Introduction

The National Health and Nutrition Survey in Japan in 2019 revealed that 33.0% of men and 22.3% of women with 20-years old or higher were obese (body mass index > 25.0), that these values have not been changed in women but have increased in men in the past 10 years, and that these values in men were higher in older than younger generations; 23.1% of men in their 20 s, 39.7% of those in their 40 s, and 39.2% of those in their 50 s [1]. The Japan Society for the Study of Obesity defines obesity as a condition requiring medical weight reduction associated with or expected to be associated with obesity-related health disorders, particularly in cases of visceral fat accumulation [2].

Excessive intake of sugar and fat as energy sources is the strong factor contributing to obesity.
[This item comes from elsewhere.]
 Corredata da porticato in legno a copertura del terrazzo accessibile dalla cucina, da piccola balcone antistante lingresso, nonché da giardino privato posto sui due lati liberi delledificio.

Among sugars, fructose has been reported to be more closely associated with metabolic diseases [3], and some experimental studies have shown that high fructose intake is associated with the development of metabolic syndrome, which is characterized by insulin resistance, hypertension, hyperlipidemia, visceral fat accumulation, and obesity, and increases the risk of cardiovascular disease [4]. When overweight or obese subjects consumed 25% of the daily energy requirement from glucose or fructose for 2 weeks in addition to their normal diet, a significant increase in visceral fat was observed in the fructose-intake group than in the glucose-treated group [5]. When children with obesity and metabolic syndrome were restricted to fructose intake, a significant reduction in visceral fat is observed [6].

Bofutsushosan (BTS; fangfengtongshengsan in Chinese) consists of 18 crude drugs and is used in Japanese traditional Kampo and traditional Chinese medicines to treat flabby belly, constipation, decrease in urinary volume, hyperchlorhydria, kidney diseases, heart weakening, arteriosclerosis, hypertension, cerebral hemorrhage, palpitation, shoulder discomfort, rush of blood to the head, obesity, edema, chronic nephritis, and eczema [7]. It has been shown that BTS extract has a preventive effect against hyperglycemia and body fat accumulation caused by fructose loading in in vivo study [8]. In our previous study, BTS boiling water extract inhibited the uptake of fructose absorbed via glucose transporter 5 (GLUT5) in cultured cells [9].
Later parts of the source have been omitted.